Segment Start: INPUT

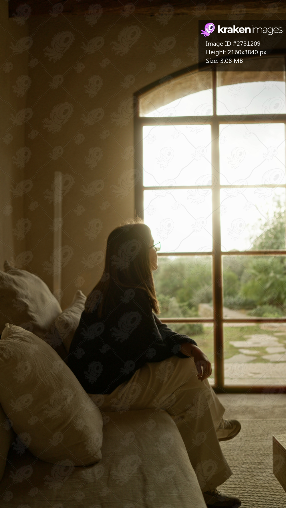 Young woman relaxing indoors in a mediterranean house with large windows overlooking a garden, seated on a comfortable sofa, enjoying the tranquil and serene ambiance of her home. - Kraken Images
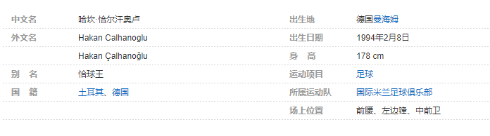 哈坎·恰尔汗奥卢(Hakan Çalhanoğlu),1994年2月8日出生于德国曼海姆市,土耳其足球运动员,司职前腰,亦可胜任左边锋、中前卫,现效力于国际米兰足球俱乐部。
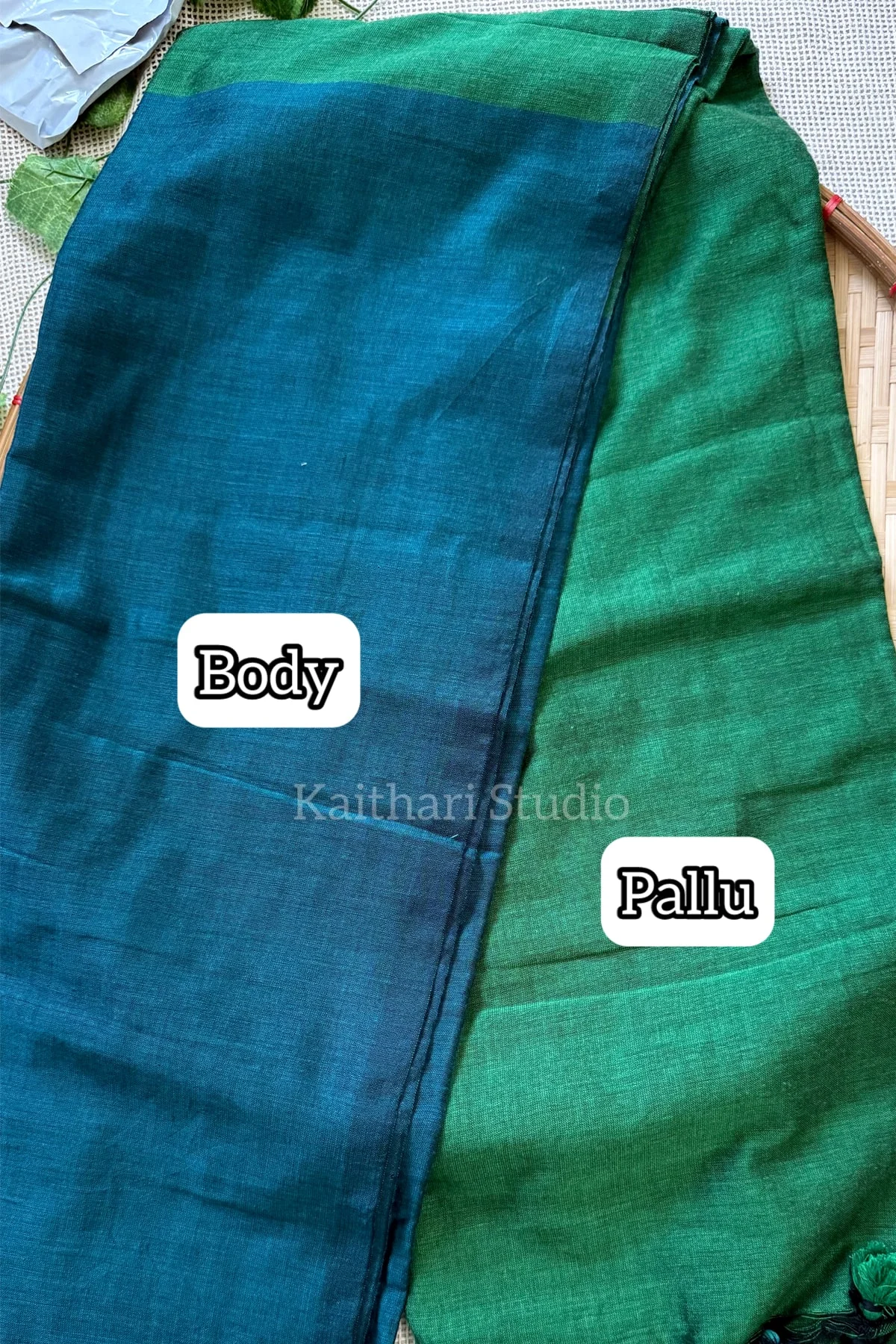 Be the first to review “Soft Cotton Plain Saree – Peacock blue with Green – KS058
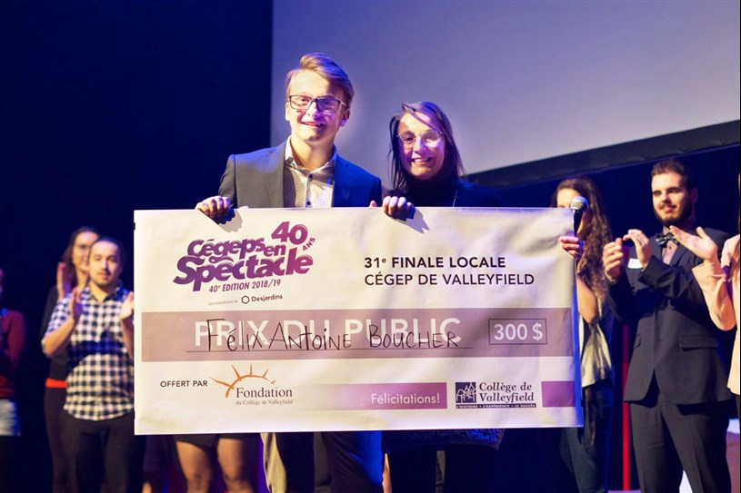 Le Prix du public, accompagné d’une bourse de 300 $ remis par la Fondation du Collège de Valleyfield, a pour sa part, couronné de succès le numéro d’interprétation au chant de Félix-Antoine Boucher. L’étudiant en Tremplin DEC et originaire de Salaberry-de-Valleyfield, a interprété deux morceaux du groupe Offenbach, La voix que j’ai et Câline de blues.
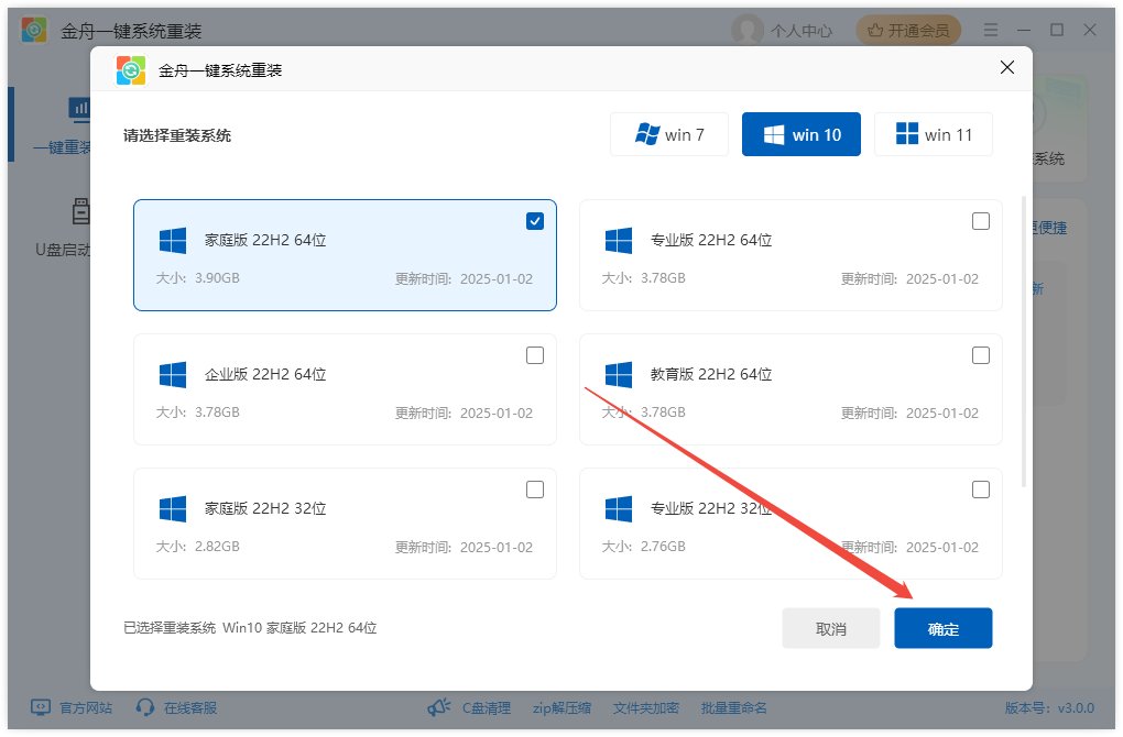 Step3、软件支持Windows7、Windows10和Windows11三种主流系统重装
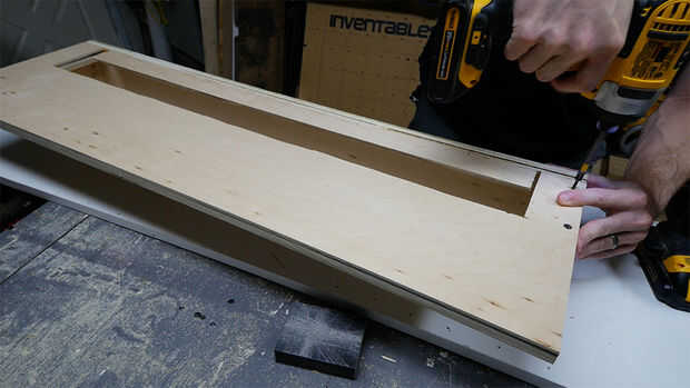 Ahora corte back panel consiguieron pegado y atornillado en la parte posterior de la caja.
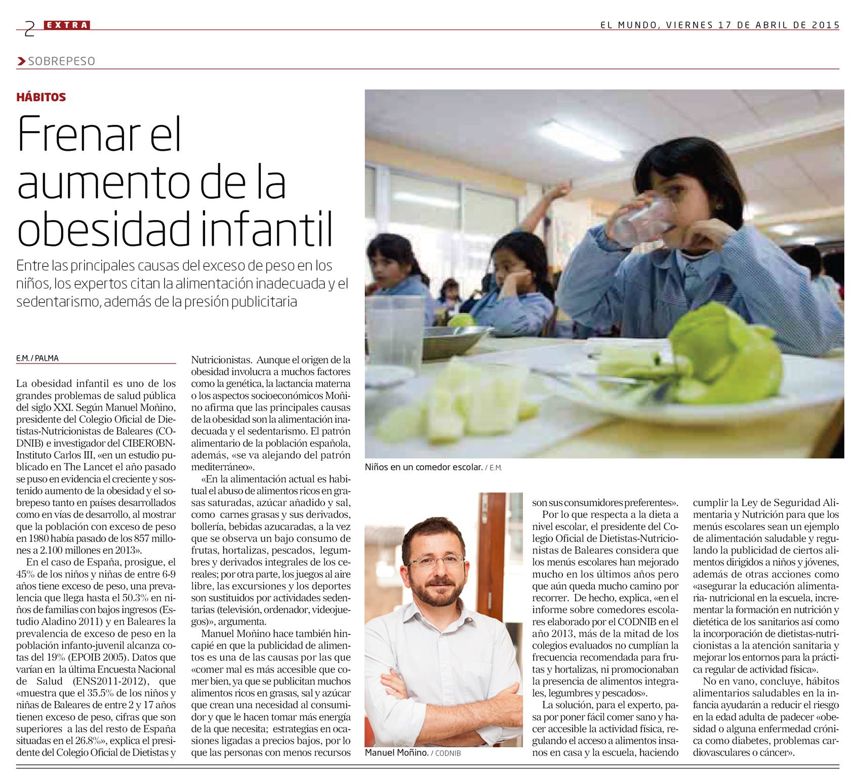 A continuació es mostren part dels continguts de l'entrevista realitzada per El Mundo de Baleares al president del Col·legi Oficial de Dietistes-Nutriconistista de les Illes Balears.
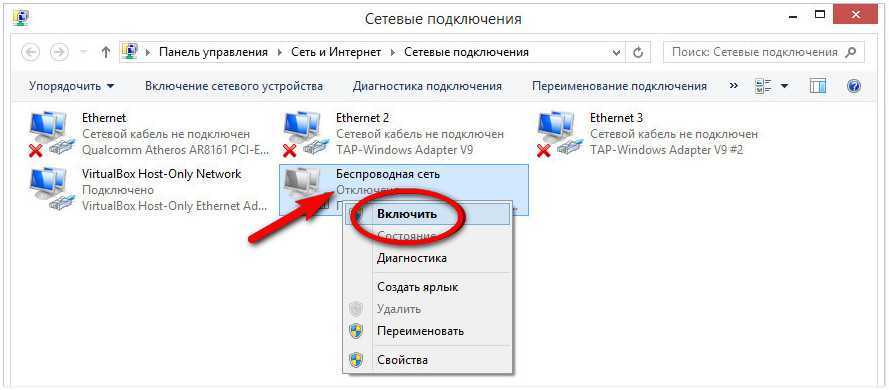 Проверить активен ли Wi-Fi — адаптер очень просто. Откройте командой ncpa.cpl сетевые подключения. Найдите элемент «Беспроводная сеть» (название по умолчанию) и посмотрите его статус. Значок неактивного устройства будет иметь серый цвет и подпись «Отключено».
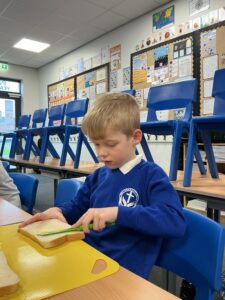 This week in cookery club, the children have been busy learning how to make simple, healthy sandwiches. The children began by discussing what makes a good sandwich. They explored different types of bread, fillings, and combinations, thinking about taste, texture, and appearance. Making sandwiches might sound simple, but it involves a surprising number of important skills:
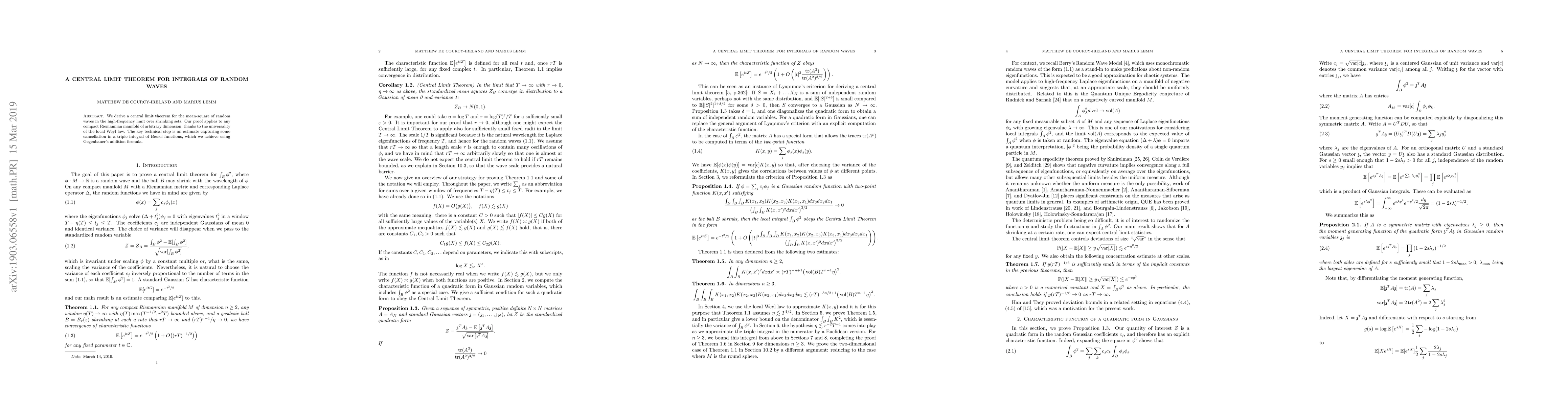 This paper establishes a central limit theorem for random waves on compact Riemannian manifolds, providing a high-frequency limit over shrinking sets. The key finding applies the local Weyl law to achieve this result using Gegenbauer's addition formula.
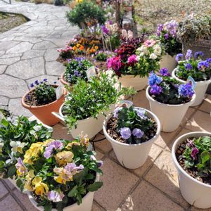 ✿.。*♡✿.。*♡本日の我が家のお花たち✿.。*♡✿.。*♡ パンジービオラ達の終わりが近づいてきました。 花数が減ってきたコ、徒長して暴れてきたコ。 連日の強風に煽られ、だいぶ傷んできてます🌀🌀🌀 少しでも長く咲いてくれると良いなーっと思いながら、ちまちまと花柄摘みに勤しむ日々です。
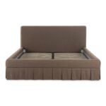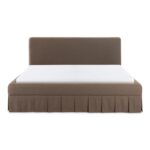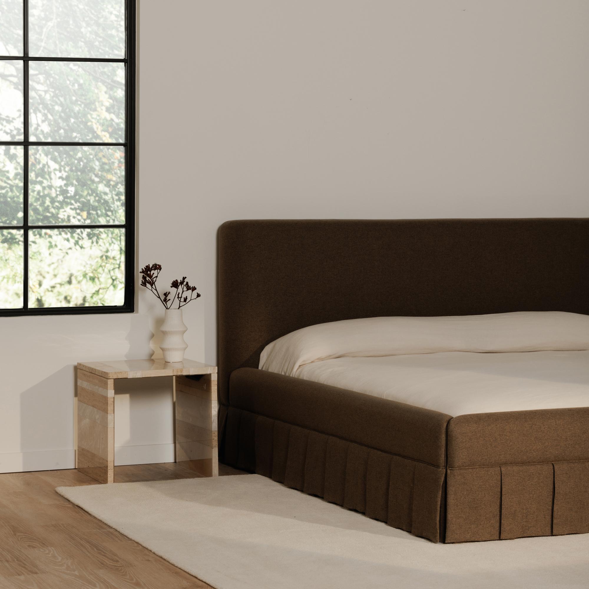 The Maren king bed exudes a soft, feminine aesthetic, upholstered in a warm, neutral fabric and featuring a playful yet refined box pleat base reminiscent of vintage finesse, straddling the line between contemporary form and traditional finish. With smoothly rounded corners and graceful, curving forms adding softness to the design, this piece is a study in elegance and subtlety.
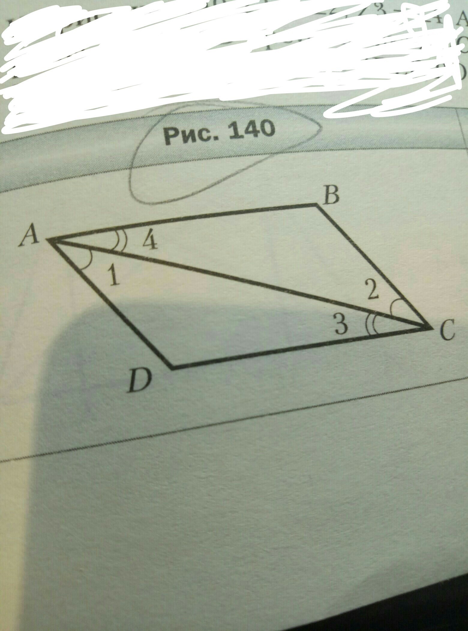 АС - общая сторона, 3 и 4 угол внутренние накрест лежащие при параллельных АD и BC, так же и с углами 2 и 1, они равны
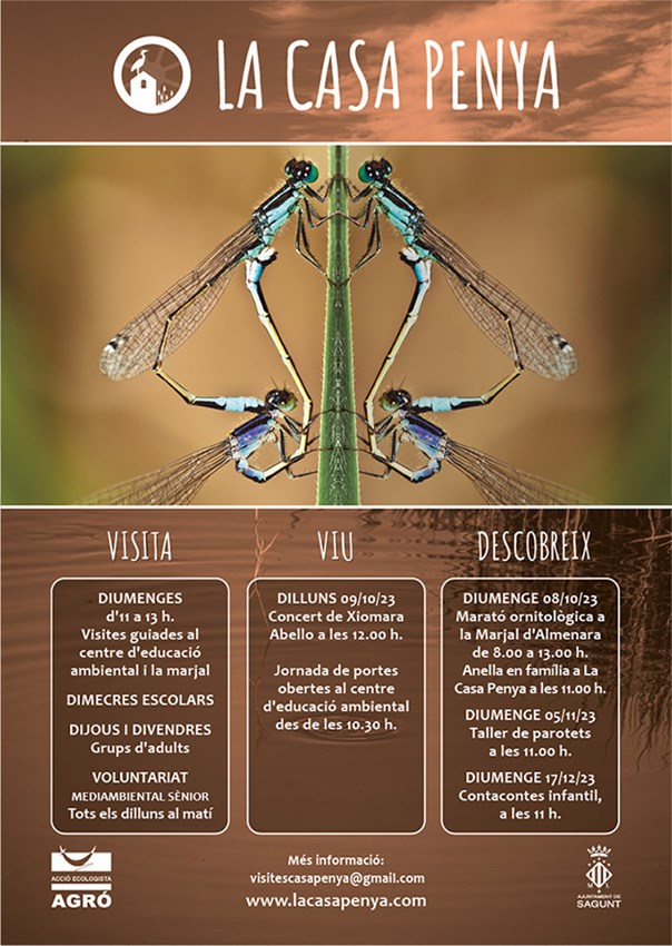 Esta tardor Acció Ecologista-Agró i l’Ajuntament de Sagunt organitzen quatre jornades per a viure i descobrir La Casa Penya. La primera, el diumenge 8 d’octubre, amb una marató ornitològica. El dilluns 9 d’Octubre se celebrarà un concert i una jornada de portes obertes. Per al diumenge 5 de novembre hi ha un taller de parotets i, el diumenge 17 de desembre, un contacontes infantil. A més, estan el voluntariat sènior dels dilluns, les visites guiades dels diumenges i les visites per a centres educatius i grups d’adults entre setmana.
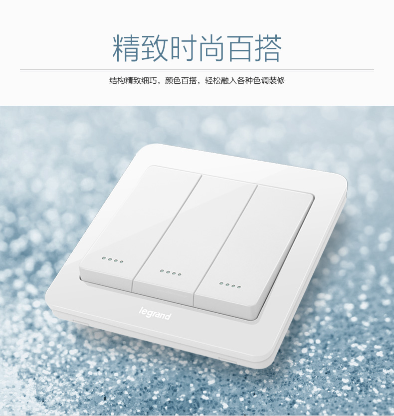 商品名称:罗格朗 逸典圆三开单控三联3开三位家用墙壁电灯开关面板86型
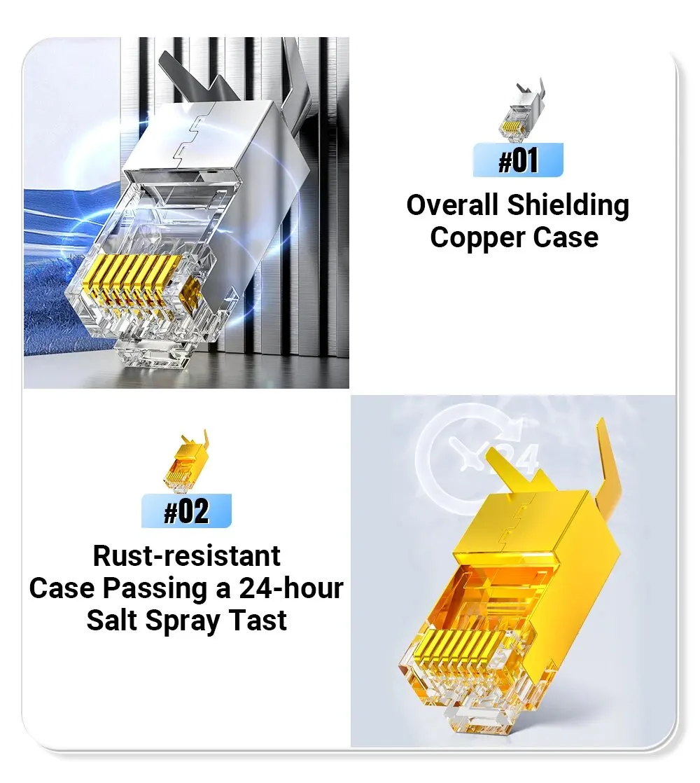✅Los contactos chapados en oro de 50 micrones proporcionan un contacto total con el conductor del cable y garantizan una excelente conductividad, manteniendo una transmisión de datos superior y confiable, soportando hasta10 Gigabitvelocidad de transmisión.

Segment End: INPUT

■ **WHAT THE TASK REQUIRES**: For this answer, retype the lines from the start of the listing through the line that holds "Проверить активен ли", inclusive, exactly and without pictures.

■ **WRITTEN RESPONSE**:
 Young woman relaxing indoors in a mediterranean house with large windows overlooking a garden, seated on a comfortable sofa, enjoying the tranquil and serene ambiance of her home. - Kraken Images
 哈坎·恰尔汗奥卢(Hakan Çalhanoğlu),1994年2月8日出生于德国曼海姆市,土耳其足球运动员,司职前腰,亦可胜任左边锋、中前卫,现效力于国际米兰足球俱乐部。
 Be the first to review “Soft Cotton Plain Saree – Peacock blue with Green – KS058
 Le Prix du public, accompagné d’une bourse de 300 $ remis par la Fondation du Collège de Valleyfield, a pour sa part, couronné de succès le numéro d’interprétation au chant de Félix-Antoine Boucher. L’étudiant en Tremplin DEC et originaire de Salaberry-de-Valleyfield, a interprété deux morceaux du groupe Offenbach, La voix que j’ai et Câline de blues.
 Step3、软件支持Windows7、Windows10和Windows11三种主流系统重装
 Ahora corte back panel consiguieron pegado y atornillado en la parte posterior de la caja.
 A continuació es mostren part dels continguts de l'entrevista realitzada per El Mundo de Baleares al president del Col·legi Oficial de Dietistes-Nutriconistista de les Illes Balears.
 Проверить активен ли Wi-Fi — адаптер очень просто. Откройте командой ncpa.cpl сетевые подключения. Найдите элемент «Беспроводная сеть» (название по умолчанию) и посмотрите его статус. Значок неактивного устройства будет иметь серый цвет и подпись «Отключено».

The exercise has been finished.